Look below for the line with "컬러 렌즈를 착용해 보고" and the line with "Provisoriska bord på"; repeat exactly those two lines and all lines between them, but no pictures.

● Source records:
BEGIN

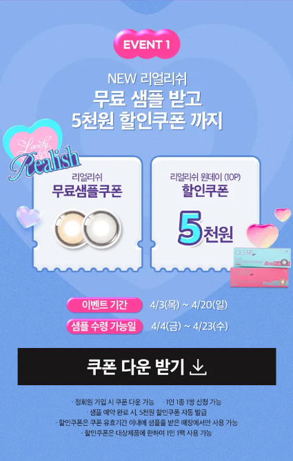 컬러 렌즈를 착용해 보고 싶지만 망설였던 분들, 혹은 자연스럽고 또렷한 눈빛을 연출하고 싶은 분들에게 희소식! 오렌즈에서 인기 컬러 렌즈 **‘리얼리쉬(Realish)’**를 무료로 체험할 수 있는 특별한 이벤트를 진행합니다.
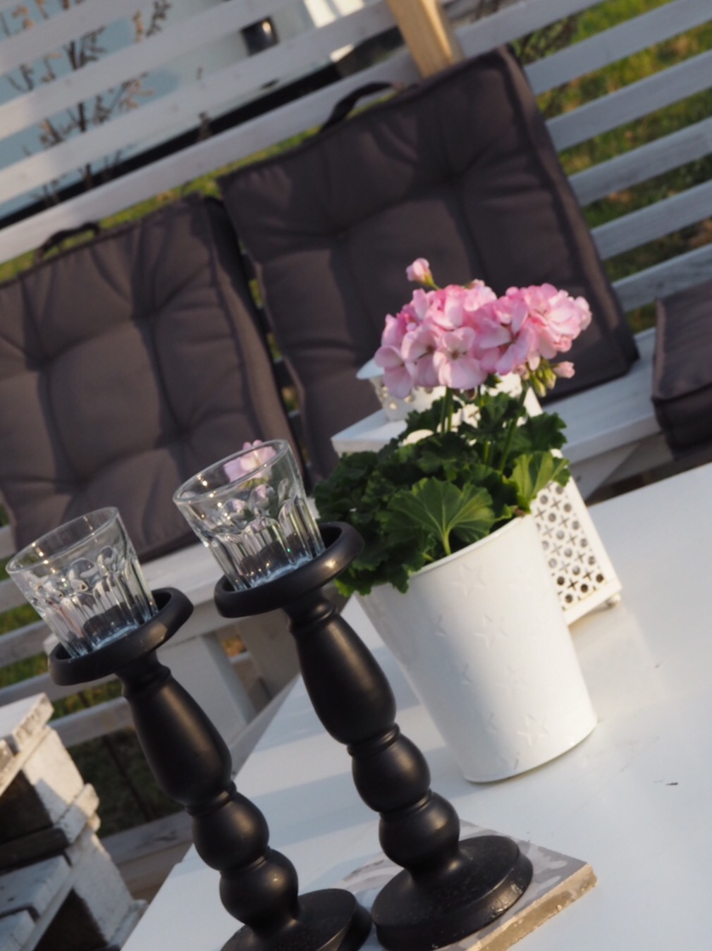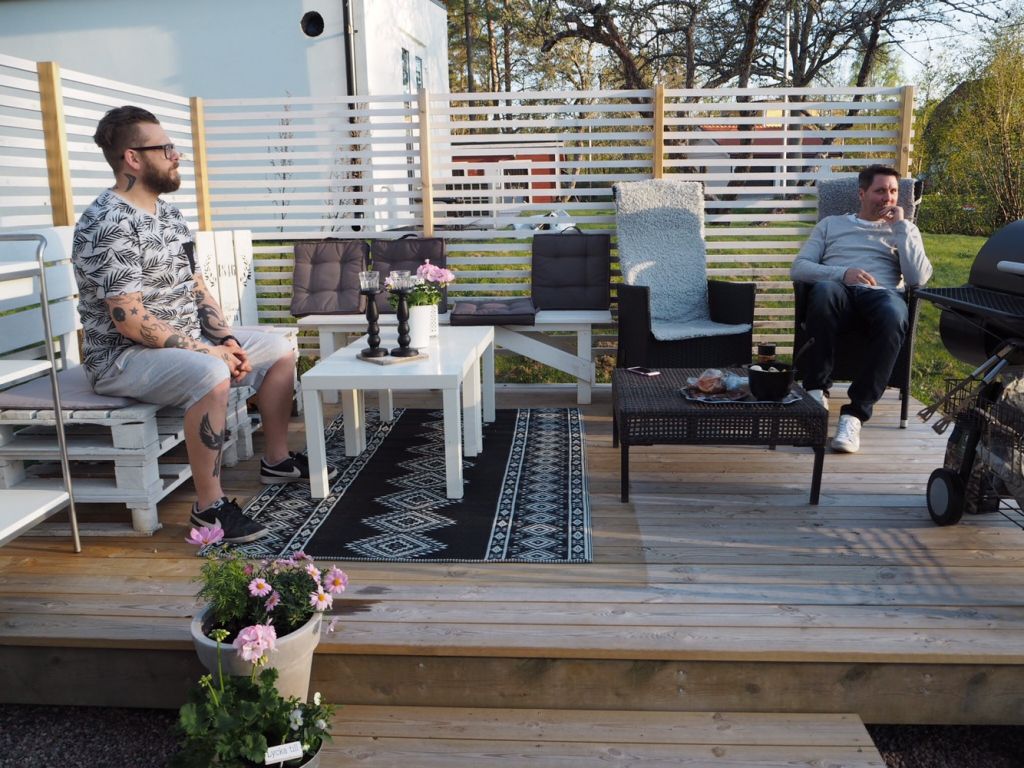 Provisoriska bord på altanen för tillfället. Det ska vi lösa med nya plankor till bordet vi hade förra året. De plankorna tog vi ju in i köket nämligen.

END
BEGIN

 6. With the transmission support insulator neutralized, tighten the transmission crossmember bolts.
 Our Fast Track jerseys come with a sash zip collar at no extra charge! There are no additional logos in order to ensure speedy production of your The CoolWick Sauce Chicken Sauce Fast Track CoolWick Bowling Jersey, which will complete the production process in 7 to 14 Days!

END

● Exercise answer:
 컬러 렌즈를 착용해 보고 싶지만 망설였던 분들, 혹은 자연스럽고 또렷한 눈빛을 연출하고 싶은 분들에게 희소식! 오렌즈에서 인기 컬러 렌즈 **‘리얼리쉬(Realish)’**를 무료로 체험할 수 있는 특별한 이벤트를 진행합니다.
 Provisoriska bord på altanen för tillfället. Det ska vi lösa med nya plankor till bordet vi hade förra året. De plankorna tog vi ju in i köket nämligen.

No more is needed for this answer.